* Task details:
Retype the entries exactly; omit all pictures.

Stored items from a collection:
BEGIN

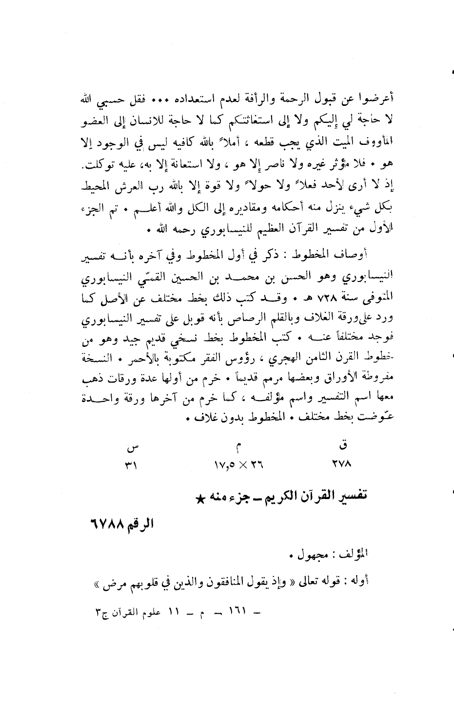 أوصاف المخطوط: ذكر في أول المخطوط وفي آخره بأنه تفسير النيسابوري وهو الحسن بن محمد بن الحسين القمّي النيسابوري المتوفى سنة 728 هـ. وقد كتب ذلك بخط مختلف عن الأصل كما ورد على ورقة الغلاف وبالقلم الرصاص بأنه قوبل على تفسير النيسابوري فوجد مختلفا عنه. كتب المخطوط بخط نسخي قديم جيد وهو من خطوط القرن الثامن الهجري، رءوس الفقر مكتوبة بالأحمر. النسخة مفروطة الأوراق وبعضها مرمم قديما. خرم من أولها عدة ورقات ذهب معها اسم التفسير واسم مؤلفه، كما خرم من آخرها ورقة واحدة عوّضت بخط مختلف. المخطوط بدون غلاف.
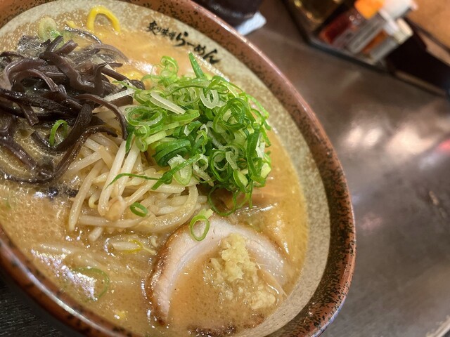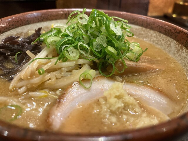札幌由来のラーメン店のためチヂリ麺が使用されている点は拘りを感じ嬉しいポイント。生姜を好きなタイミングで溶かせる点も札幌有名味噌ラーメン店を模倣されている。
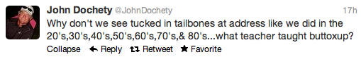 Instructor John Dochety brings up some good points on Twitter last night.  When did the whole straight back, stick the butt out stuff start?
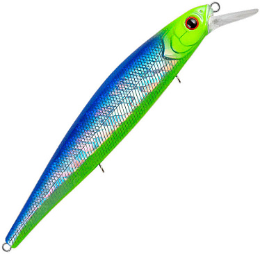 Минноу b>TsuYoki Flirt имеет весьма длинное тело - 115 мм длиной при среднем весе в 16,5 гр. Максимальный рабочий горизонт приманки, который она быстро набирает и отлично удерживает, составляет 1-1,8 метра. Данная модель будет просто незаменима при лове щуки в закоряженных местах. Также подойдет и для ночного судака. А для того чтобы хищник никуда не "убежал", минноу оснащается тремя тройниками VMC. Огромная палитра цветов приманки даст возможность оптимально выбрать окраску для любой ситуации.
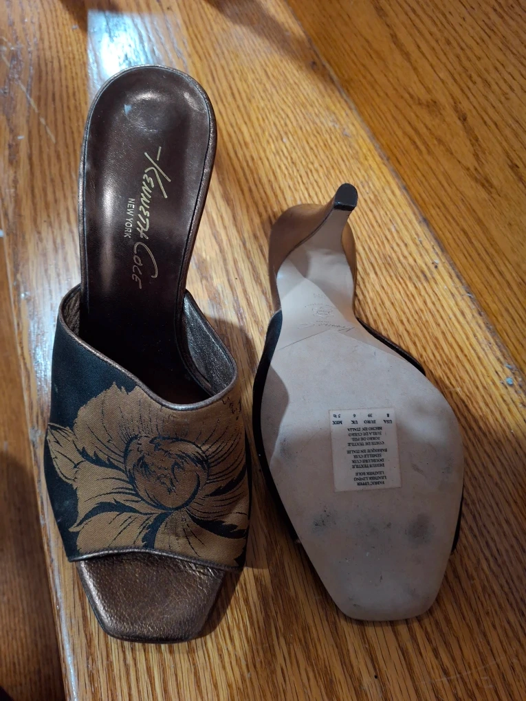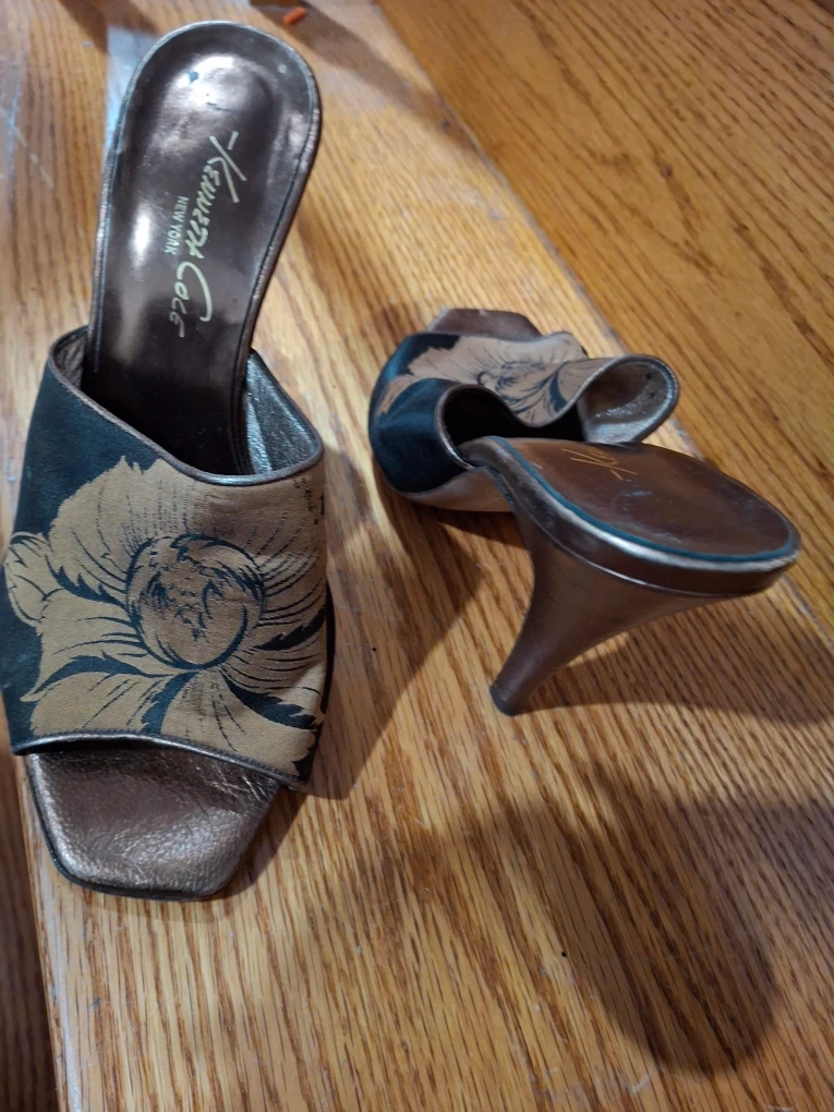 Selling a pair of Kenneth Cole New York mules in a size 8. They feature a beautiful floral design and are in good condition. Perfect for adding a touch of elegance to any outfit!
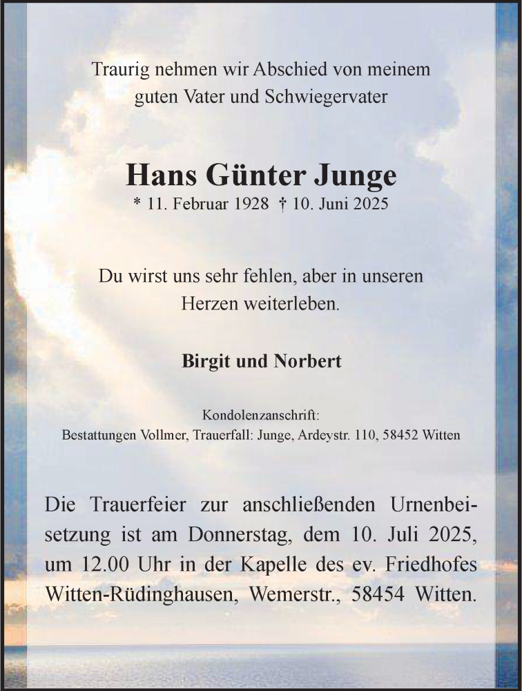 Hier finden Sie alle Traueranzeigen aus der Zeitung, die bisher für Hans Günter Junge erschienen sind. Weitere Traueranzeigen, die in der Zeitung erscheinen, werden hier ebenfalls aufgelistet
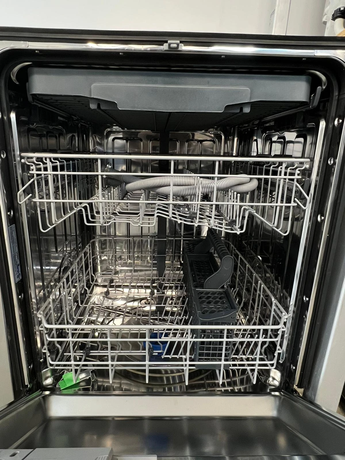 Le panneau entièrement intégré assure une façade uniforme une fois installé. La finition inox complète l’esthétique contemporaine de la cuisine.
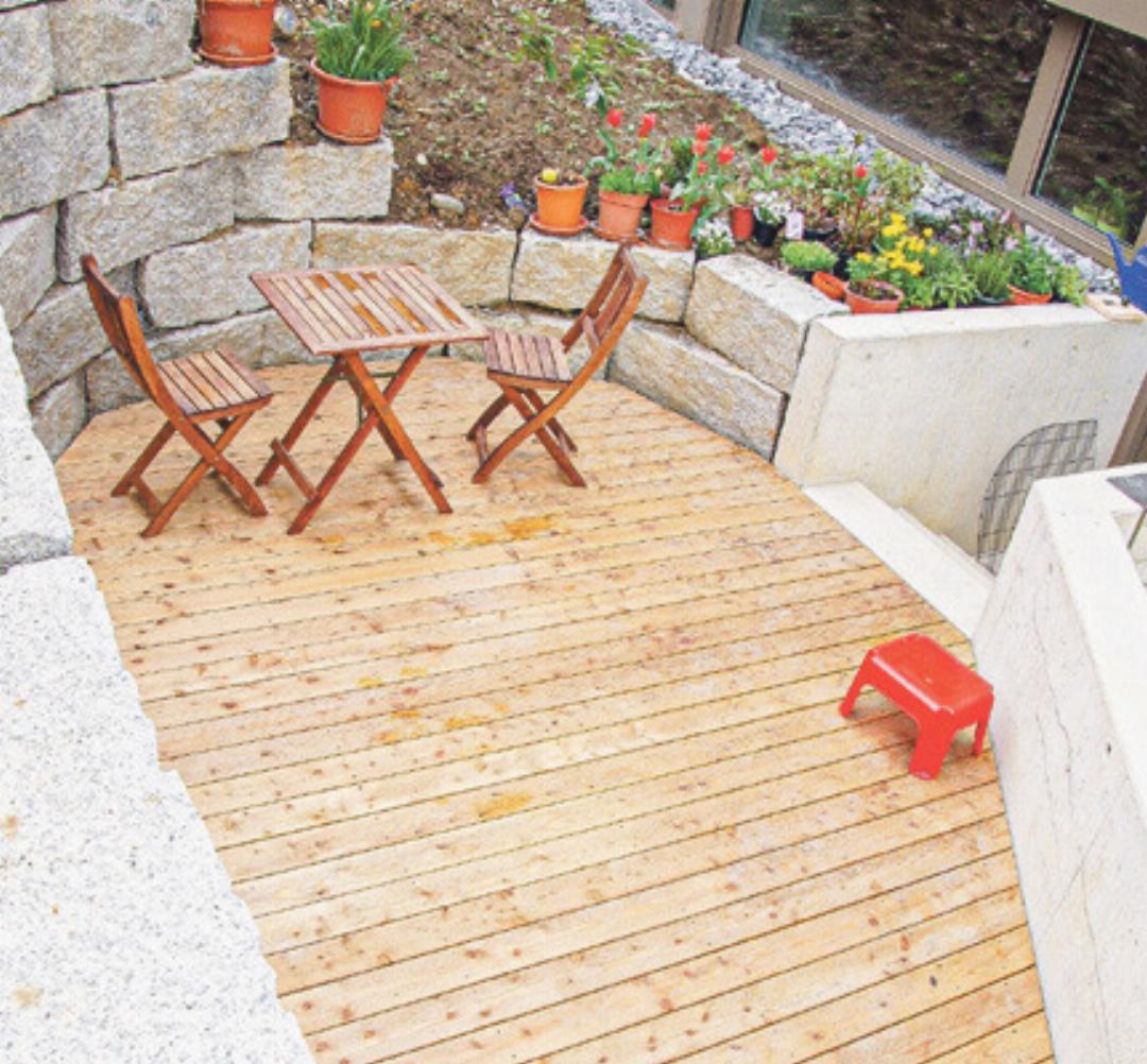 Ihr Garten ist eine Oase der Entspannung und ein Treffpunkt für Grillpartys mit Freunden und Familie. Geniessen Sie die Sonne, erholen Sie sich ganz einfach beim süssen Nichtstun und tanken Sie neue Kräfte. So machen Sie Ihre Terrasse zu einem Kraftort. Wir nden mit Ihnen die passenden Lösungen für schöne Terrassenböden aus langlebigen und edlen Holzarten.
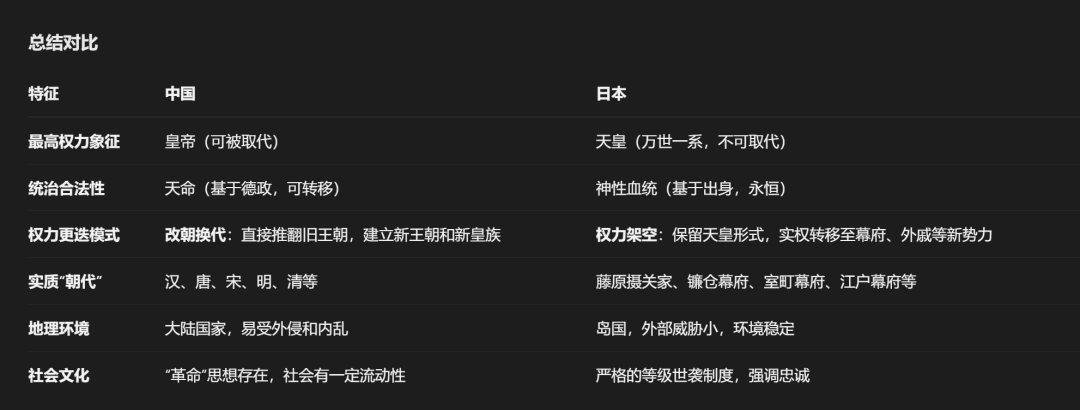 相比之下,日本虽有内乱和幕府更迭(如镰仓幕府、室町幕府、德川幕府的交替),但这些更迭并未触及天皇家族的根本。幕府之间的权力斗争更像是“改朝换代”的变相形式,但均以维护天皇制度为前提。

END

* Response to the exercise:
 أوصاف المخطوط: ذكر في أول المخطوط وفي آخره بأنه تفسير النيسابوري وهو الحسن بن محمد بن الحسين القمّي النيسابوري المتوفى سنة 728 هـ. وقد كتب ذلك بخط مختلف عن الأصل كما ورد على ورقة الغلاف وبالقلم الرصاص بأنه قوبل على تفسير النيسابوري فوجد مختلفا عنه. كتب المخطوط بخط نسخي قديم جيد وهو من خطوط القرن الثامن الهجري، رءوس الفقر مكتوبة بالأحمر. النسخة مفروطة الأوراق وبعضها مرمم قديما. خرم من أولها عدة ورقات ذهب معها اسم التفسير واسم مؤلفه، كما خرم من آخرها ورقة واحدة عوّضت بخط مختلف. المخطوط بدون غلاف.
札幌由来のラーメン店のためチヂリ麺が使用されている点は拘りを感じ嬉しいポイント。生姜を好きなタイミングで溶かせる点も札幌有名味噌ラーメン店を模倣されている。
 Instructor John Dochety brings up some good points on Twitter last night.  When did the whole straight back, stick the butt out stuff start?
 Минноу b>TsuYoki Flirt имеет весьма длинное тело - 115 мм длиной при среднем весе в 16,5 гр. Максимальный рабочий горизонт приманки, который она быстро набирает и отлично удерживает, составляет 1-1,8 метра. Данная модель будет просто незаменима при лове щуки в закоряженных местах. Также подойдет и для ночного судака. А для того чтобы хищник никуда не "убежал", минноу оснащается тремя тройниками VMC. Огромная палитра цветов приманки даст возможность оптимально выбрать окраску для любой ситуации.
 Selling a pair of Kenneth Cole New York mules in a size 8. They feature a beautiful floral design and are in good condition. Perfect for adding a touch of elegance to any outfit!
 Hier finden Sie alle Traueranzeigen aus der Zeitung, die bisher für Hans Günter Junge erschienen sind. Weitere Traueranzeigen, die in der Zeitung erscheinen, werden hier ebenfalls aufgelistet
 Le panneau entièrement intégré assure une façade uniforme une fois installé. La finition inox complète l’esthétique contemporaine de la cuisine.
 Ihr Garten ist eine Oase der Entspannung und ein Treffpunkt für Grillpartys mit Freunden und Familie. Geniessen Sie die Sonne, erholen Sie sich ganz einfach beim süssen Nichtstun und tanken Sie neue Kräfte. So machen Sie Ihre Terrasse zu einem Kraftort. Wir nden mit Ihnen die passenden Lösungen für schöne Terrassenböden aus langlebigen und edlen Holzarten.
 相比之下,日本虽有内乱和幕府更迭(如镰仓幕府、室町幕府、德川幕府的交替),但这些更迭并未触及天皇家族的根本。幕府之间的权力斗争更像是“改朝换代”的变相形式,但均以维护天皇制度为前提。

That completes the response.